The parties are the parents of one child. After a 1998 hearing upon cross petitions for custody, Family Court awarded joint custody, primary physical residence with the father and liberal visitation to the mother. In 1999, the parties cross-petitioned for modification of the prior order. Following a hearing, the court awarded the father sole legal and physical custody and provided the mother with liberal visitation. Slight amendments were made to that order. The mother appealed. In July 2002, the parties stipulated to an order limiting the mother's visitation. Soon thereafter, the mother petitioned for a return to the liberal visitation schedule. The parties consented to a February 2003 order by which the mother withdrew her visitation petition and the court vacated all prior orders providing for visitation with the mother. The mother apparently has not had contact with the child since that 2003 order was entered.
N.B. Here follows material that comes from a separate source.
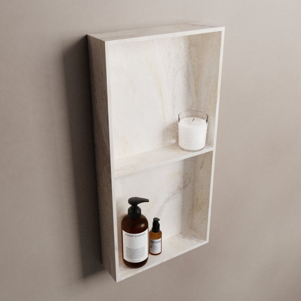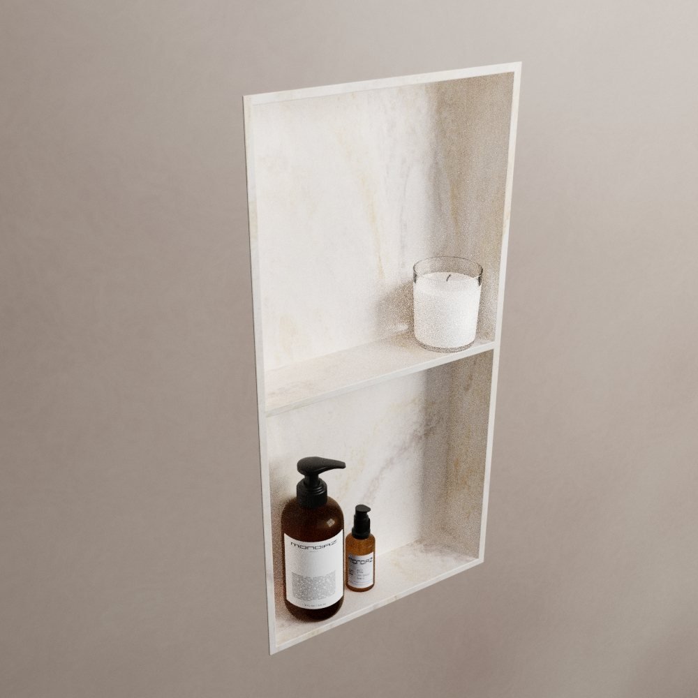 De Mondiaz EASY Nis is niet alleen functioneel, maar ook een echte blikvanger. De stijlvolle ostra kleur, een subtiele grijstint, geeft je badkamer een moderne en tijdloze uitstraling. Het solid surface materiaal heeft een luxe uitstraling en is tegelijkertijd zeer onderhoudsvriendelijk. Zo blijft je nis er altijd op zijn best uitzien.

The 2003 consent order, which superceded the orders appealed, rendered these appeals moot (see Matter of Baker v. Ratoon, 251 A.D.2d 921, 922, 675 N.Y.S.2d 170 [1998]; Matter of Ballard v. Parker, 232 A.D.2d 740, 741, 648 N.Y.S.2d 481 [1996] ). Were we to consider the merits, giving due deference to Family Court's ability to make credibility determinations, we find that the court did not abuse its discretion in holding that the deterioration in the parties' relationship constituted a substantial change in circumstances indicating that a modification terminating joint custody would be in the child's best interests, and that the father was the more appropriate custodian (see Matter of Smith v. Miller, 4 A.D.3d 697, 698-699, 772 N.Y.S.2d 742 [2004]; Matter of Rosario WW. v. Ellen WW., 309 A.D.2d 984, 985-986, 765 N.Y.S.2d 710 [2003] ). That determination was adequately supported by evidence that the mother was angry with the father and focused on their antagonistic relationship rather than on issues concerning the child, the mother willfully violated a court order requiring her to attend a psychological evaluation, the child was doing well while living primarily with the father, the child was uncomfortable and afraid to discuss her thoughts and feelings with the mother, the mother admitted that she and the father could not agree on religious, educational or medical decisions regarding the child, and the ongoing conflict between the parties was causing the child to be fearful, anxious and sad.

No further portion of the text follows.